我无法从网址https://www.basketball-reference.com/leagues/NBA_2020_totals.html#totals_stats::pts中读取数据。这是代码:
library(rvest)
url <- "https://www.basketball-reference.com/leagues/NBA_2020_totals.html#totals_stats::pts"

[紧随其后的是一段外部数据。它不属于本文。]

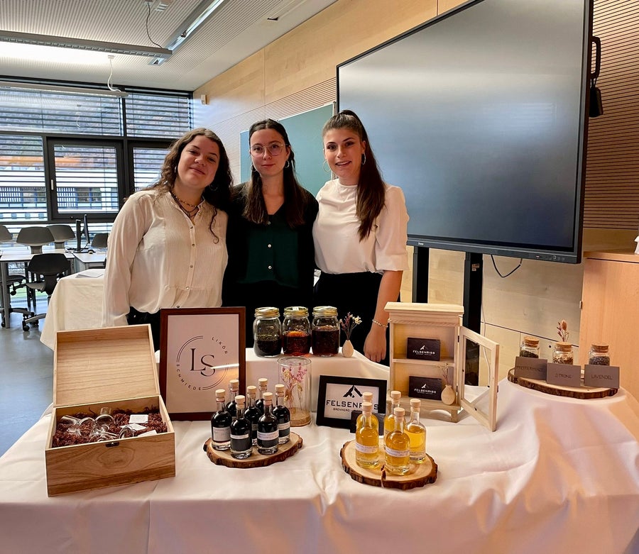 Wir Maturantinnen des BBZ "Emma Hellenstainer", Anna Gufler, Alina Schwarz und Nadine Strobl von der 5B Önogastronomie, sind das Team LikörSchmiede. Gemeinsam haben wir es uns zur Mission gemacht, unseren eigenen Likör herzustellen. Durch die tatkräftige Unterstützung unseres externen Partners, der Brennerei Felsenriss in Völlan, wurde es möglich unser Projekt zu verwirklichen. Insgesamt haben wir 20 Versuche gemacht, bis wir uns schließlich für die Geschmackskombination Blaubeer-Lavendel entschieden haben. Diese haben wir mit Kirschbrand, etwas Rum und einem Hauch von Zitronengras ergänzt. Den fertigen Likör haben wir abgefüllt und mit unseren selbst designten Etiketten veredelt. Bei unserem Maturaball am 20.04.2024 haben wir den finalen Likör endlich unseren geladenen Gästen präsentiert und zur Verkostung angeboten. Bei der abschließender Umfrage erhielt er 3 von 4 Sternen!

pagina <- read_html(url, as.data.frame=T, stringsAsFactors = TRUE,
encoding = "utf-8")
pagina %>%
html_nodes("table") %>%
.[[1]] %>%
html_table(fill=T) -> x
这将读取表,但我不知道为什么要粘贴这样的几行:
Rk Player Pos Age Tm G GS MP FG FGA FG% 3P 3PA 3P% 2P 2PA 2P% eFG% FT FTA FT% ORB DRB TRB AST STL BLK TOV PF PTS
54 Rk Player Pos Age Tm G GS MP FG FGA FG% 3P 3PA 3P% 2P 2PA 2P% eFG% FT FTA FT% ORB DRB TRB AST STL BLK TOV PF PTS
77 Rk Player Pos Age Tm G GS MP FG FGA FG% 3P 3PA 3P% 2P 2PA 2P% eFG% FT FTA FT% ORB DRB TRB AST STL BLK TOV PF PTS
102 Rk Player Pos Age Tm G GS MP FG FGA FG% 3P 3PA 3P% 2P 2PA 2P% eFG% FT FTA FT% ORB DRB TRB AST STL BLK TOV PF PTS
133 Rk Player Pos Age Tm G GS MP FG FGA FG% 3P 3PA 3P% 2P 2PA 2P% eFG% FT FTA FT% ORB DRB TRB AST STL BLK TOV PF PTS
162 Rk Player Pos Age Tm G GS MP FG FGA FG% 3P 3PA 3P% 2P 2PA 2P% eFG% FT FTA FT% ORB DRB TRB AST STL BLK TOV PF PTS
189 Rk Player Pos Age Tm G GS MP FG FGA FG% 3P 3PA 3P% 2P 2PA 2P% eFG% FT FTA FT% ORB DRB TRB AST STL BLK TOV PF PTS
218 Rk Player Pos Age Tm G GS MP FG FGA FG% 3P 3PA 3P% 2P 2PA 2P% eFG% FT FTA FT% ORB DRB TRB AST STL BLK TOV PF PTS
我得到了球员行,但我也得到了那些行。我不知道这些行是否也是播放器,它们读得不好,或者它们只是粘贴的随机行,因为我在代码中做错了什么。我要删除那些行(如您所见处于随机位置)或修改读取的代码,以使我不明白它们。
先谢谢了。
阿尔贝托
答案 0 :(得分:1)
您应该忽略这些行,而仅使用相关行。
library(rvest)
library(dplyr)
url <- "https://www.basketball-reference.com/leagues/NBA_2020_totals.html"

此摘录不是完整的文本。